Basandosi sui propri dati e sui propri score, Cerved ha elaborato una metodologia per individuare imprese con buone prospettive economiche, ma debilitate dal Covid, quelle su cui concentrare le risorse pubbliche. Sul campione di 153 mila PMI attive nel 2020, sono state identificate 27 mila PMI con buone prospettive economiche ma che, a causa del Covid, hanno accumulato un alto livello di debiti. Secondo i criteri del documento del G30, sono i candidati naturali ad interventi di supporto: sono società colpite dalla pandemia, ma con un modello di business che garantisce buone prospettive. Il secondo gruppo su cui bisognerebbe valutare un intervento è quello di altre 27 mila imprese indebolite dal Covid, con prospettive economiche più incerte rispetto al primo gruppo: in questo caso si deve considerare il maggior rischio di investire in società che potrebbero comunque uscire dal mercato, date le prospettive economiche incerte. Viceversa, non bisogna intervenire sulle 92 mila PMI “sane”, che possono rivolgersi al mercato e sulle 8 mila società senza prospettive economiche.
Iniezioni di capitale per sterilizzare gli impatti della pandemia sul leverage potrebbero avere effetti significativi. In base ad analisi su dati di bilancio, servirebbero 21 miliardi di equity per consentire a tutte le PMI che hanno accumulato debiti di tornare sui livelli di leverage pre-Covid. In base agli score e alle probabilità di default sottostanti, questo consentirebbe di evitare circa 4 mila default (la metà degli 8 mila attesi interrompendo del tutto i supporti), con 114 mila posti di lavoro persi in meno e 10,5 miliardi di debiti finanziari che non si trasformerebbero in crediti deteriorati.

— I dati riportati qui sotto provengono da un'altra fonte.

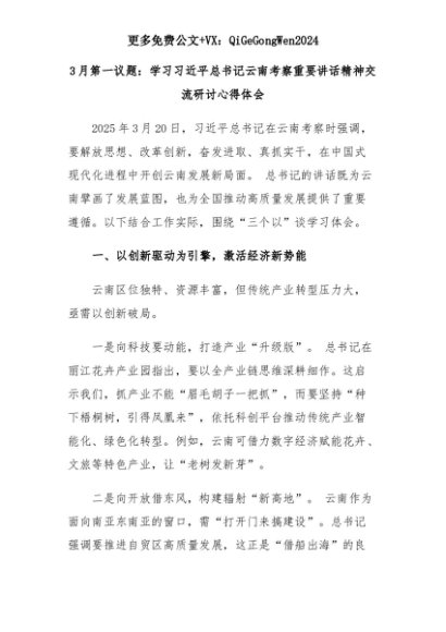【七哥公文】2025年:3月第一议题:学习习近平总书记云南考察重要讲话精神交流研讨心得体会+更多免费公文+VX:QiGeGongWen2024+更多免费公文+VX:QiGeGongWen2024

L’analisi però evidenzia che, in linea con le indicazioni del documento del G30, interventi selettivi sarebbero più efficaci, ottimizzando il rapporto tra costi e benefici. Le iniezioni necessarie per salvare le PMI economicamente sostenibili ma debilitate dal Covid sono quantificabili in 4,5 miliardi e consentirebbero di evitare poco meno di 2mila default, “salvando” 55 mila addetti e crediti deteriorati per 4,7 miliardi. Con meno di un quarto delle risorse, si otterrebbe la metà dei benefici. Se oltre ai 4,5 miliardi si investissero altri 3,8 miliardi in equity per le PMI con prospettive incerte, si salverebbero altre 1.400 imprese, con 37 mila addetti e 4,2 miliardi di debiti finanziari, riducendo di circa l’85% i fallimenti e i costi associati.